The core of this is we need a natural mode where we trust the user and a scripted mode where we don't trust the user. The blocker is defining how to express this in the UI. Bonus points for including any precedence from other tools

Here's another example - prettier ignores all files that are in it's ignore list, even if you explicitly tell it to format that particular file.

AFAIK, this behaviour exists because you're expected to run prettier on a folder or multiple files and rarely run it on a single file.

That is a pattern I'd like to see in typos as well, but it's up to you. I think it's easier to have 2 configs - one with a blacklist and one without one, than adding multiple cli flags to ignore/force unignore configuration settings.


My original issue was with running typos as a github action on changed files, which then spellchecks blacklisted files as well.

It would have been possible to filter out the blacklist from the changelist, if the exclude config was in a format bash can parse natively. Of course, I can install toml parsers, filter out the blacklist from the changeset and pass that along to typos...


Btw, thanks for closing the issue I opened and redirecting me here. I didn't find this issue initially.

arminrosu avatar Jul 12 '22 07:07 arminrosu

What about the hook attribute exclude ? It can exclude files with specified pattern.

This is what I'm using. For example:

repos:
- repo: https://github.com/crate-ci/typos
  rev: v1.13.10
  hooks:
    - id: typos
      exclude: |
        (?x)^(
          .*\.csv
          |.*\.xml
        )$

You can also explicitly limit to certain file types by overriding the text type selected in the repo's hook definition:

repos:
- repo: https://github.com/crate-ci/typos
  rev: v1.13.10
  hooks:
    - id: typos
      types_or:
      - javascript
      - python

IMO one of the powers of pre-commit is that it already passes the correct filenames, based on hook selection and exclusion, so tools don't have to reimplement undifferentiated inclusion/exclusion features.

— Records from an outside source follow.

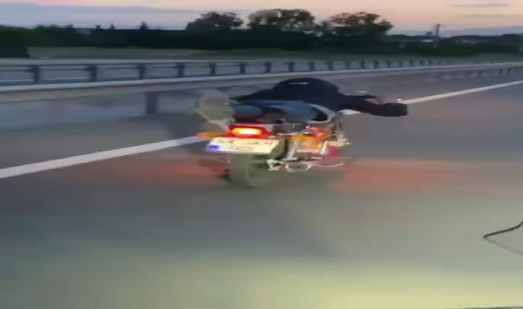 Görüntüler, İnegöl ilçesi Bursa-Ankara yolunda kaydedildi. İnegöl’den Bursa istikametine seyir halinde olan kasklı sürücü, motosikletin üzerine yüzüstü yattı. Motosikleti bir süre bu şekilde kullanan ve zaman zaman hızını 125 kilometreye kadar çıkaran şahsı görenler o anları görüntüledi.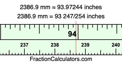 One millimeter is equal to 5/127 inches, and 2386.9 as a fraction is 23869/10. Therefore, to get the fractional answer to 2386.9 mm in inches, we multiply 23869/10 by 5/127 and simplify if necessary.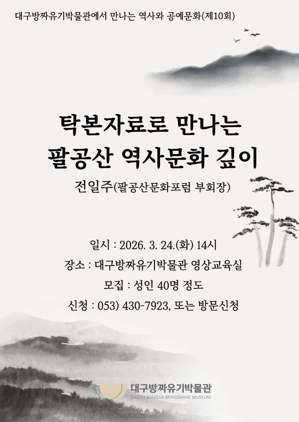 [충청뉴스큐] 대구문화예술진흥원 박물관운영본부 소속 대구방짜유기박물관은 봄날에 팔공산 역사문화 특강과 국악 공연을 기획해 3월 24일 오후 2시에 ‘탁본자료로 만나는 팔공산 역사문화 깊이’를, 4월 7일 오후 1시에 대구시립국악단 찾아가는 공연 ‘봄날의 풍류’를 개최한다.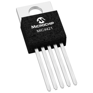 MIC4421A and MIC4422A MOSFET drivers are rugged, efficient, and easy to use. The MIC4421A is an inverting driver, while the MIC4422A is a non-inverting driver.Both versions are capable of 9A (peak) output and can drive the largest MOSFETs with an improved safe operating margin. The MIC4421A/4422A accepts any logic input from 2.4V to VS without external speed-up capacitors or resistor networks. Proprietary circuits allow the input to swing negative by as much as 5V without damaging the part. Additional circuits protect against damage from electrostatic discharge.MIC4421A/4422A drivers can replace three or more discrete components, reducing PCB area requirements, simplifying product design, and reducing assembly cost.Modern Bipolar/CMOS/DMOS construction guarantees freedom from latch-up. The rail-to-rail swing capability of CMOS/DMOS helps ensure adequate gate voltage to the MOSFET during power up/down sequencing. Since these devices are fabricated on a self-aligned process, they have very low crossover current, run cool, use little power, and are easy to drive.

adamchainz avatar Feb 07 '23 13:02 adamchainz

IMO one of the powers of pre-commit is that it already passes the correct filenames, based on hook selection and exclusion, so tools don't have to reimplement undifferentiated inclusion/exclusion features.

For tools written exclusively for pre-commit, that works well. However, this tool is written more generally and needs to have its own logic.

epage avatar Feb 07 '23 14:02 epage

Hi @epage.

Would you accept a PR adding a new --force-exclude similar to the one used by black?

--force-exclude Like --exclude, but files and directories matching this regex will be excluded even when they are passed explicitly as arguments. This is useful when invoking Black programmatically on changed files, such as in a pre-commit hook or editor plugin.

I really wish I could use typos with pre-commit without the pass_filenames: false workaround.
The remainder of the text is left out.